Pseudorandom Hashing for Space-bounded Computation with Applications in Streaming
Praneeth Kacham, Rasmus Pagh, Mikkel Thorup, David P. Woodruff
TL;DR
This work advances space-efficient streaming by introducing HashPRG, a symmetric, large-alphabet pseudorandom generator that offers a tunable seed-versus-update-time trade-off for derandomizing streaming algorithms. HashPRG enables near-optimal derandomizations for key primitives, including $F_p$ moment estimation (both $p>2$ and $0<p<2$), CountSketch with tight error guarantees, and Private CountSketch, while preserving space up to polylog factors and achieving fast per-update times in the Word RAM model. The authors develop a refined independence framework and leverage symmetry to reduce derandomization overhead, delivering practical, space-efficient, low-latency streaming algorithms. A core consequence is tighter upper and matching lower bounds for estimating $ orm{x}_{ inf}$ in turnstile streams, along with a general-purpose derandomization toolkit (HashPRG) that parallels Nisan’s generator but with improved performance characteristics. Overall, HashPRG enables robust, provably efficient derandomizations across a broad spectrum of streaming tasks, with direct implications for efficient data analysis in turnstile streams.
Abstract
We revisit Nisan's classical pseudorandom generator (PRG) for space-bounded computation (STOC 1990) and its applications in streaming algorithms. We describe a new generator, HashPRG, that can be thought of as a symmetric version of Nisan's generator over larger alphabets. Our generator allows a trade-off between seed length and the time needed to compute a given block of the generator's output.

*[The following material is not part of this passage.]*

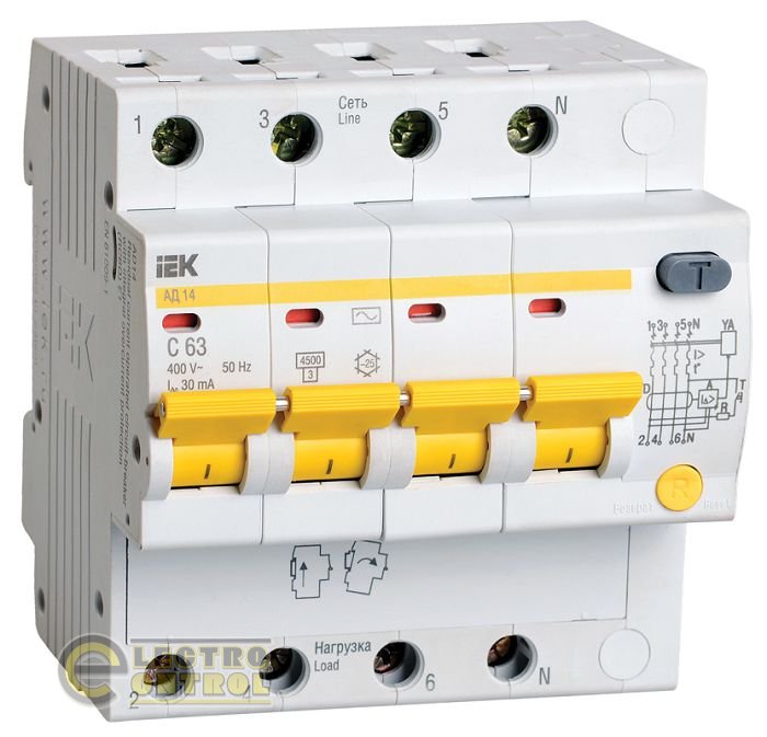 Швидкодіючий захисний вимикач, реагує на диференціальний струм, із вбудованим захистом від надструмів. Забезпечує три види захисту – захист людини від поразки електричним струмом при випадковому ненавмисному дотику до струмопровідним частинам електроустановок при ушкодженнях ізоляції; запобігання пожеж внаслідок протікання струмів витоку на землю; захист від перевантаження й короткого замикання. Апарат зберігає працездатність при зниженій напрузі мережі ( до 50 В) і має високу механічну зносостійкість. В апарату передбачена індикація спрацьовування від диференціального струму.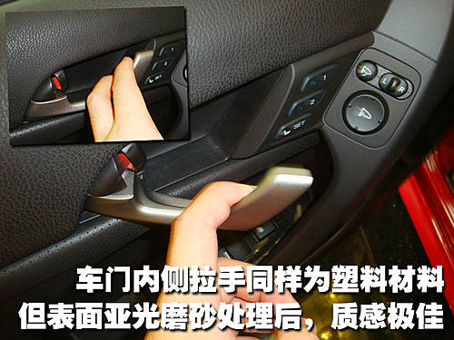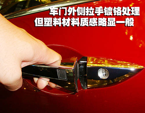 思鉑睿的車門拉手為鍍鉻裝飾。開啟方式為“拉動式”,其整體做工比較精細。反復開啟車門時車門把手沒有松動的跡象,并且開啟時手感比較厚重。

HashPRG can be used to obtain derandomizations with much better update time and \emph{without sacrificing space} for a large number of data stream algorithms, such as $F_p$ estimation in the parameter regimes $p > 2$ and $0 < p < 2$ and CountSketch with tight estimation guarantees as analyzed by Minton and Price (SODA 2014) which assumed access to a random oracle. We also show a recent analysis of Private CountSketch can be derandomized using our techniques. For a $d$-dimensional vector $x$ being updated in a turnstile stream, we show that $\|x\|_{\infty}$ can be estimated up to an additive error of $\varepsilon\|x\|_{2}$ using $O(\varepsilon^{-2}\log(1/\varepsilon)\log d)$ bits of space. Additionally, the update time of this algorithm is $O(\log 1/\varepsilon)$ in the Word RAM model. We show that the space complexity of this algorithm is optimal up to constant factors. However, for vectors $x$ with $\|x\|_{\infty} = Θ(\|x\|_{2})$, we show that the lower bound can be broken by giving an algorithm that uses $O(\varepsilon^{-2}\log d)$ bits of space which approximates $\|x\|_{\infty}$ up to an additive error of $\varepsilon\|x\|_{2}$. We use our aforementioned derandomization of the CountSketch data structure to obtain this algorithm, and using the time-space trade off of HashPRG, we show that the update time of this algorithm is also $O(\log 1/\varepsilon)$ in the Word RAM model.